J.J Abrams is stellar at executing proper exposition and character direction. He knows how to literally and metaphorically position characters in situations that will propel the action. Abrams is not alone in this endeavor, for series veteran Lawrence Kasdan (writer of Raiders of The Lost Ark, The Empire Strikes Back) is back to write Episodes VIII and IX. And he is an advisor on Episode VII.
Academy Award winning writer Michael Arndt (Little Miss Sunshine, Toy Story 3) is currently writing the yet to be formally titles Episode VII. Arndt has been extremely busy after the third Pixar film about toys that secretly come to life while their owner(s) is not looking. His screen plays for Oblivion and The Hunger Games: Catching Fire will be on screen this year, so now his focus is fully into the force. I am not sure if Arndt is a long time fan of the saga, but his originality and ability to stay true to the original source material is impressive.

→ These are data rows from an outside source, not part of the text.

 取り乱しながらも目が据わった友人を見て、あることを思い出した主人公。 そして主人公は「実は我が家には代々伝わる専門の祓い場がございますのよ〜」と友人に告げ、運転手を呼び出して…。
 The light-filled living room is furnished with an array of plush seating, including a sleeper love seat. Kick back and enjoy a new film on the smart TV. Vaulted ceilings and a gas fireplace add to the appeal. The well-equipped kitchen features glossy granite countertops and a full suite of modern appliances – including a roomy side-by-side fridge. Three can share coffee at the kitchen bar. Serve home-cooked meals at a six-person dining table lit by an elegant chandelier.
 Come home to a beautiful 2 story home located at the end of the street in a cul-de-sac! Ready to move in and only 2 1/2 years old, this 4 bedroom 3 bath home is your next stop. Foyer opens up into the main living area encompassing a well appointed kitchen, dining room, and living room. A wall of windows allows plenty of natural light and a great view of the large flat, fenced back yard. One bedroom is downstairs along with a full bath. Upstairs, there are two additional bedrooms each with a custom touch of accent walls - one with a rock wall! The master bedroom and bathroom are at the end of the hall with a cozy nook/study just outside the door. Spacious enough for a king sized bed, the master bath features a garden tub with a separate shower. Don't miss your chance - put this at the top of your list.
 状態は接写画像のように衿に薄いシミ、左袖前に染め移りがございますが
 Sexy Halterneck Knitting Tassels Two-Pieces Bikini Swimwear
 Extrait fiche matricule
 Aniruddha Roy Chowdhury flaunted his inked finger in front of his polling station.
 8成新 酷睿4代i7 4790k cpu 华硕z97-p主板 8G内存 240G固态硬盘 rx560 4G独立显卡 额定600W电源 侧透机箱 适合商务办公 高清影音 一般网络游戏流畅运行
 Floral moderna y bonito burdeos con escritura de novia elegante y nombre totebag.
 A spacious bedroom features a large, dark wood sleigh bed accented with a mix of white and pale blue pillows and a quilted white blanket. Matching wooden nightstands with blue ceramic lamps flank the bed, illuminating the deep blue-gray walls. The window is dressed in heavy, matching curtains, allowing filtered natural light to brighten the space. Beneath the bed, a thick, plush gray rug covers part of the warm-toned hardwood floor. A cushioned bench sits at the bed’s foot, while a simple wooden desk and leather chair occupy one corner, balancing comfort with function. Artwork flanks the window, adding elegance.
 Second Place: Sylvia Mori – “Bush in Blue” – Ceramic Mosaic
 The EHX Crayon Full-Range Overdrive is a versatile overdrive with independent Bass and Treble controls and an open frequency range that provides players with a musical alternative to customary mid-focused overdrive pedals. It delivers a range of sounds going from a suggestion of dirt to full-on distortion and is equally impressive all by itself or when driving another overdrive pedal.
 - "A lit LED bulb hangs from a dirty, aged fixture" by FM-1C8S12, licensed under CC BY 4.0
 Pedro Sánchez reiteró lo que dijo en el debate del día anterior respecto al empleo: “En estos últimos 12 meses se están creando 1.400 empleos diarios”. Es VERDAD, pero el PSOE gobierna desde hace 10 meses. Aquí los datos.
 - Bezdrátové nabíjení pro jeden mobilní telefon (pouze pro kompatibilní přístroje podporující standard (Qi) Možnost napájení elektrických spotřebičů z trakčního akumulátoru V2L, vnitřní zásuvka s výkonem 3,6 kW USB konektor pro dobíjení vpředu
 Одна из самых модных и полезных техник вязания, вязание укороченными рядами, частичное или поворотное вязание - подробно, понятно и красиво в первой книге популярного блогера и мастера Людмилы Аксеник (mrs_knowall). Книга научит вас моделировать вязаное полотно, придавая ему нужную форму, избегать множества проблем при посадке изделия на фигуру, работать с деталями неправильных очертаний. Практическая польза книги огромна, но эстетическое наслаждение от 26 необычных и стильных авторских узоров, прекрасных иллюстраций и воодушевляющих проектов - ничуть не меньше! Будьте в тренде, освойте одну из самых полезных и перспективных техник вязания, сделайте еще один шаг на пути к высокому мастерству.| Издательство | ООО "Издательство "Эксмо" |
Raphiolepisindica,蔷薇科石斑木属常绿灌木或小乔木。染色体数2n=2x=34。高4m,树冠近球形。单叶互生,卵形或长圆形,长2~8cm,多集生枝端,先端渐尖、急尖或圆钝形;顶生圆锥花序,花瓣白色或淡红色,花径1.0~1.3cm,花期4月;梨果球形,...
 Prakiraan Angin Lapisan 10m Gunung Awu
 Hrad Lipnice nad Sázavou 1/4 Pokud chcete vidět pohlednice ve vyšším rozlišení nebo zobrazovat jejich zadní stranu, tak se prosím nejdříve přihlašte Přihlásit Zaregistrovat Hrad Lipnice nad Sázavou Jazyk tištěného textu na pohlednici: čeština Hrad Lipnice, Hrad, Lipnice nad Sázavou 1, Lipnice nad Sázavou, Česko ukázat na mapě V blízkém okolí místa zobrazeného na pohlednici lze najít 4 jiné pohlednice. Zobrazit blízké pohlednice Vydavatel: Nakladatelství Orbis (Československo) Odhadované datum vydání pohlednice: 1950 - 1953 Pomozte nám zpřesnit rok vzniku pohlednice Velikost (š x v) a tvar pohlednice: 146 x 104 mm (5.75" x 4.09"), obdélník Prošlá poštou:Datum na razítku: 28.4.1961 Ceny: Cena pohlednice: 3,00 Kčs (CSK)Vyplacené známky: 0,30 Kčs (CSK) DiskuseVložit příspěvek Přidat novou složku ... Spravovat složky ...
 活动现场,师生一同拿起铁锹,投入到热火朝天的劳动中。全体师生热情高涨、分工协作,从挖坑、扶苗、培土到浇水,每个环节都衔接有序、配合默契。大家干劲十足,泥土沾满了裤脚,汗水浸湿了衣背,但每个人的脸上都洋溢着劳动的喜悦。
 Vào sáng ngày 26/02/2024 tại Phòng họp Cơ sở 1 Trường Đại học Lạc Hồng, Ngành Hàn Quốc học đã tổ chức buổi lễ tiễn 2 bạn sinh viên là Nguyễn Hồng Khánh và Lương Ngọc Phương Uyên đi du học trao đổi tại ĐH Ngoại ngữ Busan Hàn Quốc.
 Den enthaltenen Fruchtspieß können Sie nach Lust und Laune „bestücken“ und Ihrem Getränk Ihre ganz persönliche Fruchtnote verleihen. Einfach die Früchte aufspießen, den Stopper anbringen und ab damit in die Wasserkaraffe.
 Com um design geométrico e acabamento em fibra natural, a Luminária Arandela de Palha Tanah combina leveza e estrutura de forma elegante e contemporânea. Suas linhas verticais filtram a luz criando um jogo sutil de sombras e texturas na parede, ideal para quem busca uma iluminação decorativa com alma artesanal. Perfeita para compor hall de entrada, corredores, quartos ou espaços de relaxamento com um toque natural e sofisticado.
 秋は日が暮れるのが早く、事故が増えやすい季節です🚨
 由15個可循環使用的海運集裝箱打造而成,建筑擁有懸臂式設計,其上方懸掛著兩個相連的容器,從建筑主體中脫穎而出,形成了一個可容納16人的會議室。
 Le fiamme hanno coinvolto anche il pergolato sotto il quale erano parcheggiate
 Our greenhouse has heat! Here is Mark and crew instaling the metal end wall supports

Will Abrams also direct Episodes VII and IX? It is a possibility since he can alternate between shooting Star Trek and Star Wars entries. The certain-to-be-good Star Trek Into Darkness hits theaters this year and after publicity for that film ends he is going to need to start pre-production for the planned 2015 release of Episode VII. But if Abrams does not return, I am sure that Kathleen Kennedy will get a suitable replacement, with the possibilities being endless. Perhaps Kennedy can court Brad Bird or Jon Favreau if Abrams does not return.